Sunday, November 27, 2011
Saturday photo...
There are days when I just feel like slacking off a bit and just go through the motion at work... sometimes out of extreme exhaustion, sometimes out of comatose work-related inspiration... most of the time, out of frustration - a precipitate of mediocre and poorly-functioning outdated work systems (if there were "working" systems at all, that is). When the temptation to slack off creeps in, I close my eyes and pray... and then images of the wonderful learnings I have been so lucky to have experienced over the years and the endearing way by which the faces of my students light up as they learned something new in the classroom or in the lab play like a slide show in my head... and that swats away the temptation to slack off.
In the "slide show" are mentors, who have been good influences in my teaching career... if you could call what I do now as that. One of them is Prof. Syed S. H. Rizvi. If there was anyone who has pushed me to my limits... and a few inches farther from breaking point, it would have to be him (and he alone, actually) - my daunting professor at the Institute of Food Science in Cornell University! At many points, my corner in his lab became a "valley of tears", as I tried to comply to the demands of the Program he's drawn for me, which was extremely TOUGH... but TOPNOTCH! Many times, I was on the verge of giving up, almost believing that, really, there was such a thing as "unconquerable, impossible, insurmountable"... and a PhD Program in an Engineering discipline - in an Ivy League institution - was it, and that I was unworthy to even just step in it, much less worthy to conquer it! But the challenge of overcoming the impossible was so strong - he made it so, too - it kept the fire of courage burning in me. I wanted it - unconquerable though it may seemed! His daring strengthened my resolve.
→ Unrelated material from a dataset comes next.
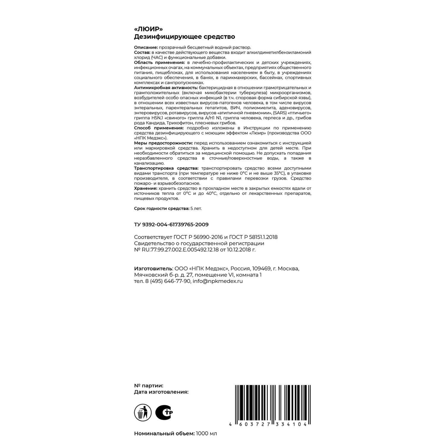 О товаре «Дезинфицирующее средство Люир 1 л (концентрат)»

In the beginning, when he challenged me to a duel of intellectual substance, I cowered... like an unworthy good-for-nothing that I thought I was. He didn't stop. He kept pushing, challenging, taunting, hurting - reducing me to nothingness. I think I have called all saints and angels to come to my aid everytime I stepped into his office for yet another "duel". :) Until, one day, I discovered strengths I never thought I possessed... and they all came out as products of extreme and brutal hardwork and perserverance! He pushed, I found the strength to push back! He reasoned, I found the wisdom to reason back. He challenged, I found the courage to engage him in a fiery discussion of hard science and engineering - and I wasn't the first to blink either! Until one day, from some kind of divine intervention, I won the battle... and he himself handed me the prize! :)
Finally, he accepted me as an "equal", of the same level of capabilities as him - and that is a lot for me. I pushed through the boundaries, and I got through! In many respects, he helped me through, too. And the rest of my time in Cornell was an enjoyable learning and glorious days of fascinating discoveries in the scientific realms. And my little corner in his lab became a reservoir of joyful learning. And that made me finally understand what he once said, "your best mentor is also your worst tormentor." Needless to say, he was both to me! :)
Today, it feels truly wonderful to look back, to have been under his supervision... he, the scientist and engineer - professor par excellence - highly accomplished, but remains focused in maximizing his intellectual gifts, these days, for bringing greater global understanding through science and technology... and I would be extremely happy to try and be able to accomplish a little fraction of what he has accomplished, and still accomplishing to this day. Therefore, maybe it is time to move on and follow that path.